I think you insert your own experiences too much into these discussions. You state these things almost as facts, when the opposite often happens.
It’s cool. I have done a lot of work around this. I love myself. It’s his problem, not mine. I know his history - my grandfather was in WWII on the Enterprise, gone for eight years. My dad has done the best he can.
I’m okay with it.
I don’t share for sympathy, though I appreciate it, I share to help.
Well, that’s just like your opinion man (channeling the Dude).
You could be correct. I think it is up to you to make that decision and to govern yourself accordingly.

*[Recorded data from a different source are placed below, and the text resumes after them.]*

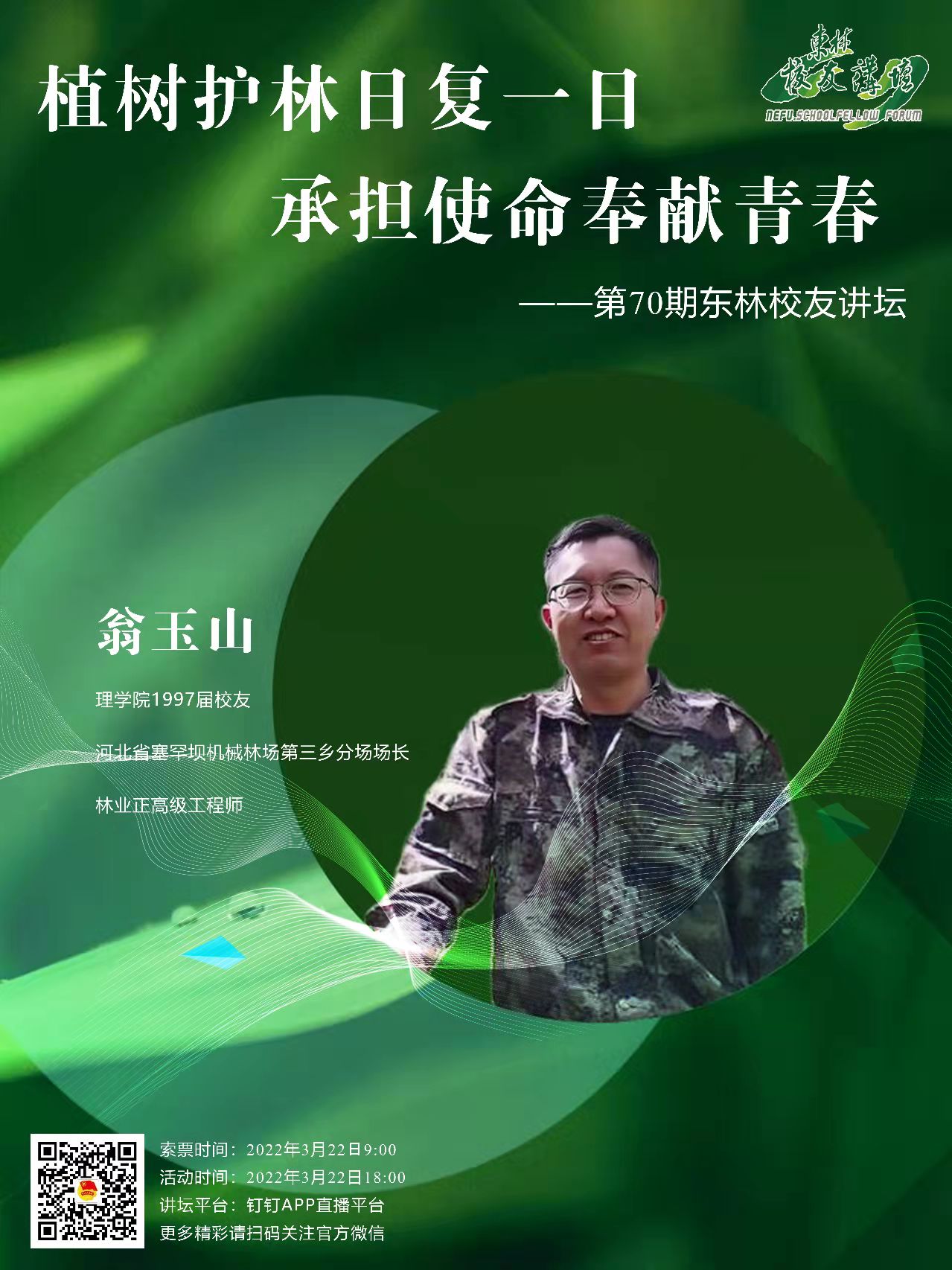 届时,翁玉山校友将结合自身扎根基层林业的工作经历,讲述他多年在塞罕坝机械林场植树造林的心路历程和收获感悟。欢迎广大师生参加!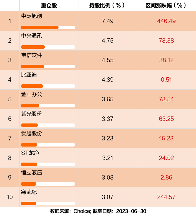 永赢高端制造混合A前十大重仓股分别是中际旭创,中兴通讯,宝信软件,比亚迪,金山办公,紫光股份,爱旭股份,ST龙净,恒立液压,寒武纪,前十大重仓股合计持股占总持仓比例40.79%。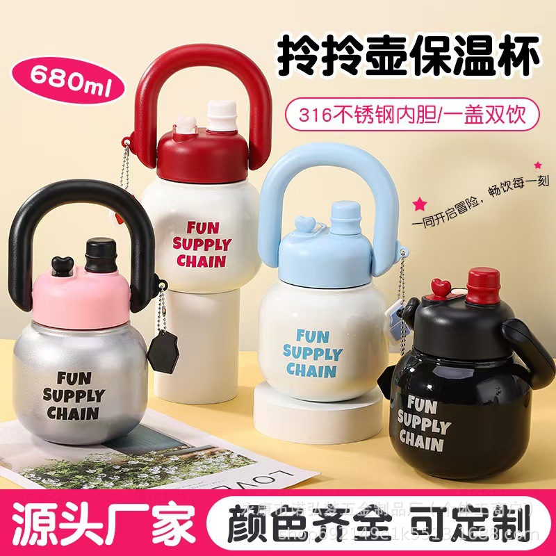 新しい大容量ポータブルポット 316 ステンレス鋼ダブルドリンク断熱カップポータブル茶漏れビッグベリーストローカップ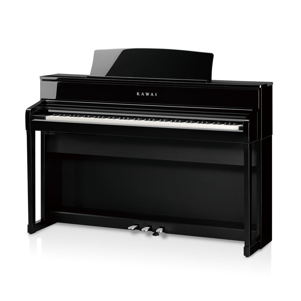 Introducing the Kawai CA-701 Digital piano A new Concert Artist piano series designed by Kawai to encourage players to become more accomplished pianists using an instrument that captures the essence of playing a concert grand piano. As soon as the player sits down, they are greeted by the instrument's flat fascia and tall upper board which immediately gives them the impression of a grand piano Available in a choice of four attractive cabinet finishes: Premium rosewood, satin black, satin white and ebony polish, musicians are permitted to coordinate with a range of modern interiors and choose a piano that works for them and fits with their home aesthetic. The combination of both traditional and modern design elements reflects Kawai's rich acoustic piano heritage, while developing the latest instruments with technology to maximise their potential One of the features included in the new Kawai CA-701 is the triple sensor key detection system for enhanced playing realism. The added third sensor improves responsiveness when playing the same key repeatedly and allows the sound of a single note to be gradually 'layered' without the previous tone being lost. This differs to the conventional two sensor keyboard actions which are found in most digital pianos. Grand piano feel With all 88 keys crafted entirely from long pieces of wood and finely textured ivory and ebony like surfaces applied to absorb moisture and assist control, the exceptional touch resembles that of a grand piano. Each of the wooden keys pivot smoothly on a balance pin and the ends rise and fall to replicate the familiar 'seesaw' motion of an acoustic piano. To further enhance the grand piano feel of the CA-701, the pedal system accurately replicates the position and individual weighting of the damper, soft and sostenuto pedals on a concert grand piano. It is also possible to adjust the half-pedal sensitivity of the damper pedal, and effectiveness of the soft pedal using the Virtual Piano Artisan parameters. This allows experienced pianists to match their individual pedalling style by personalising the instrument's response to what suits them. High quality and rich sound technology An excellent selection of additional instruments are available to choose from including electric pianos, drawbar or church organs and more! This will help you to add great variety to your performances. The dual playing feature also allows for multiple sounds to be used and played at the same time, such as grand piano and strings, which help create a more richer tone. There is also a split and four hands modes divide the keyboard into two independent sections with separate sounds for each. These latest Concert Artist digital pianos include a great sounding speaker system that has been specially designed to produce a deep bass and crisp treble frequencies. The lower range frequencies are are delivered through the underside of the instrument with the mid and high frequencies being p[projected outward via top-mounted speakers. With this feature, a resonating tone is produced that closely mirrors the immersive sound field of an acoustic grand piano. A modern and classic design The CA-701 cabinet design combines, sharp stylish lines, balanced rounded edges and elegantly tapered support legs to create a modern looking piano that will fit in any home aesthetic. You can choose from the four available finishes and choose the one that works best for you. The taller and thinner body occupies less space than previous models that Kawai have made and helps to contribute to the piano's light character, yet it retains the classic wooden tone that give a sense of stability to the piano. Ideal for progressing musicians to improve further An included feature is the MP3/WAV playback and record which allows for musicians to learn chords or melodies for new pieces, or just play along with their favourite songs. It is even possible to record and entire piece and send it to your friends or family or to simply listen to away from the piano. To further improve and develop piano skills, this piano also features traditional finger exercises, scales, and warm-up drills as well as including companion books for all classical scores to further aid your piano development over time. Stream and learn with Bluetooth connectivity The included Bluetooth connectivity and audio technologies allow for this piano to connect to smart devices wirelessly. Once it is paired with a phone, tablet or a laptop, pianists can enjoy a wide range of music-related apps, stream audio from songs directly through the speakers and further enhance their playing and learning experiences without needing to connect additional cables. Record and save songs using the USB connectivity In addition to wireless functionality, the CA-701 is also equipped with USB ports which allow musicians to connect the piano directly to a computer for MIDI use or alternatively load and save data onto a USB memory device. The USB to device functionality allows you to record your music and store it safely within an internal memory to be safely preserved on USB flash drives. Standard MIDI files can also be downloaded from the internet and played back using the instrument's harmonic imaging XL sounds without any additional hardware or cables. Audio SampleSK-EX Competiton Grand, Prelude in C-sharp minor, Op. 3, No. 2 (Rachmaninoff) Your browser does not support the audio tag.SK-EX Competiton Grand, Polonaise in A-flat major, Op. 53 (Chopin) Your browser does not support the audio tag.Industry leading grand piano feel with wooden keyboard action, Ebony and ivory touch key surfaces, 3 sensor, let-off, counterweights, High performance speaker system with 360 ° speaker diffuser panels, MP3 playback, record and overdub to USB, Latest Bluetooth MIDI and Audio v5 wireless connectivity, Premium audio processing and amplification technology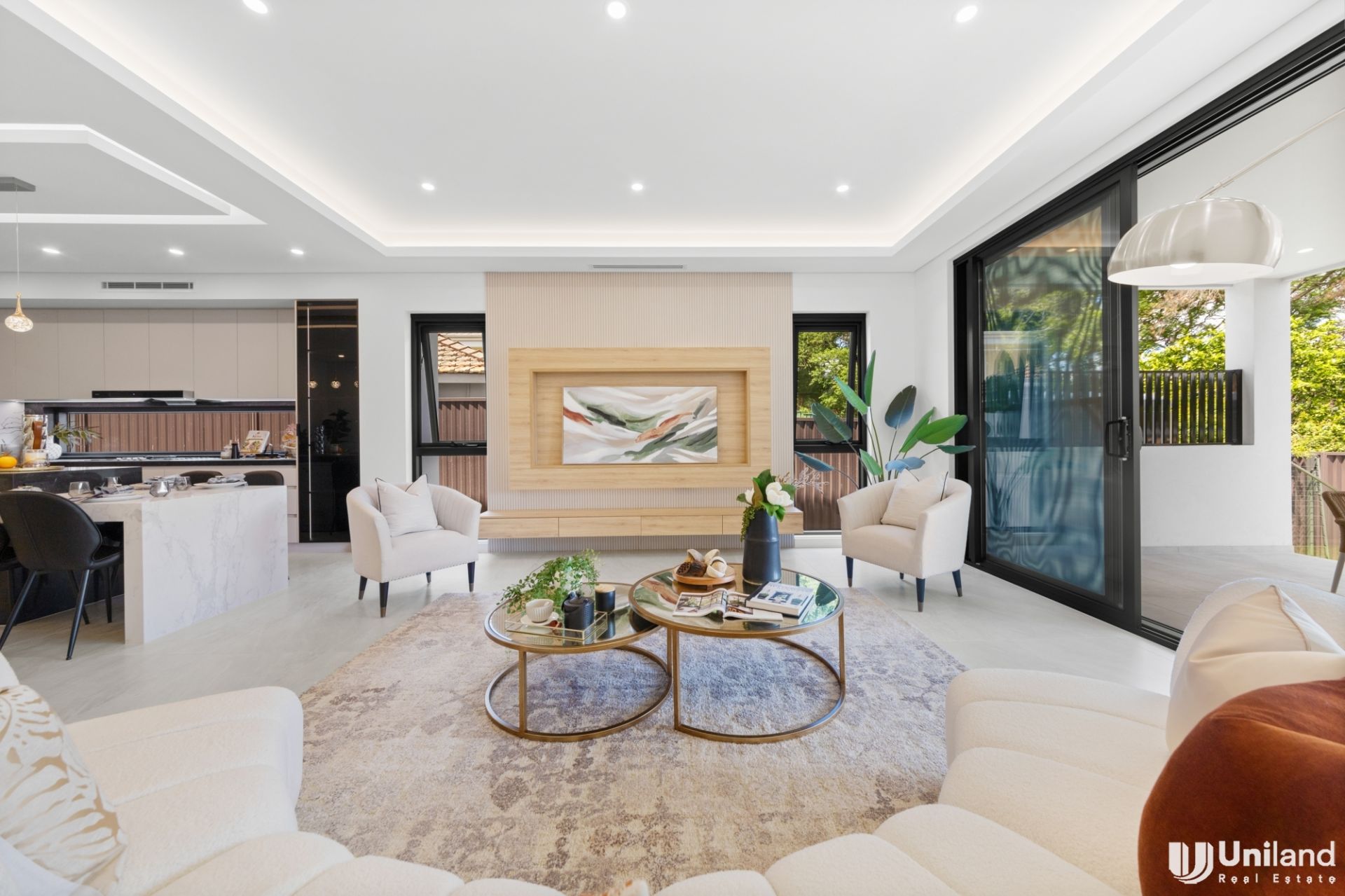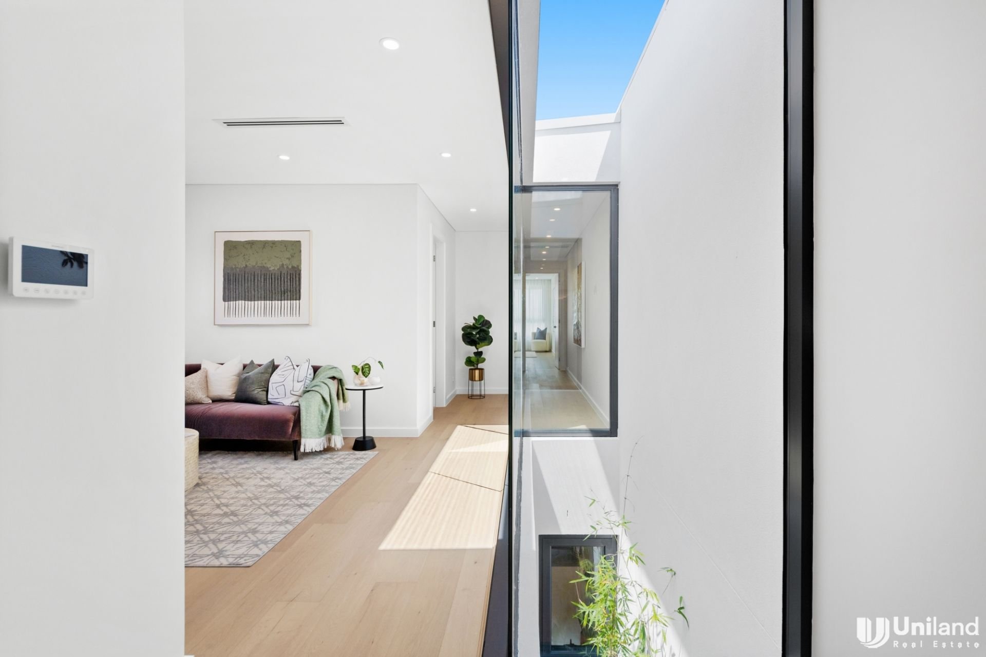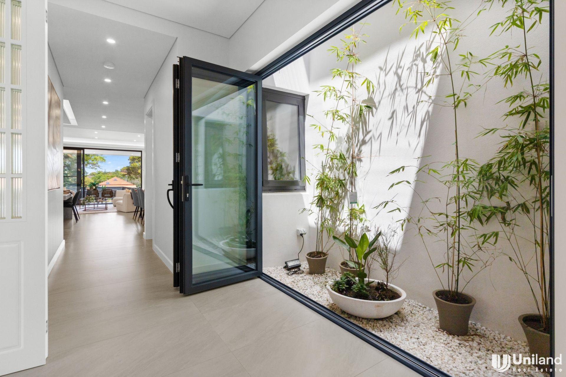 Infused with calming tranquillity, a Zen garden balanced by a central open-air atrium courtyard harmonises upper-level living integrated with a wet bar, two master suites and two double bedrooms. In-law ensuite accommodation on the ground floor is further enhanced by purpose-built wardrobes

Ah man, I wish this was always true. My sister is caught up in all this “my parents are toxic stuff” and it’s breaking my mums heart. She has moved away with her fella and refuses to talk to any of her family. My mum isn’t perfect, she is extremely emotionally immature with some stuff… but it all comes from love. She lives entirely for her children.
Worst thing about it is just before Christmas my sister had a baby, I managed to get talking to her from an “understanding” middle ground and she allowed us to meet it once, but then she disappeared again - no contact. All my mothers ever wanted is a Grandchild, she cries herself to sleep over her daughter not wanting to have anything to do with her as well as not having any relationship with the Grandaughter.
But wait, there’s more. My Dad has the double whammy of Dementia and Parkinsons. He is literally declining in front of us and my Mum is the main caregiver (of course I help out as much as I can!).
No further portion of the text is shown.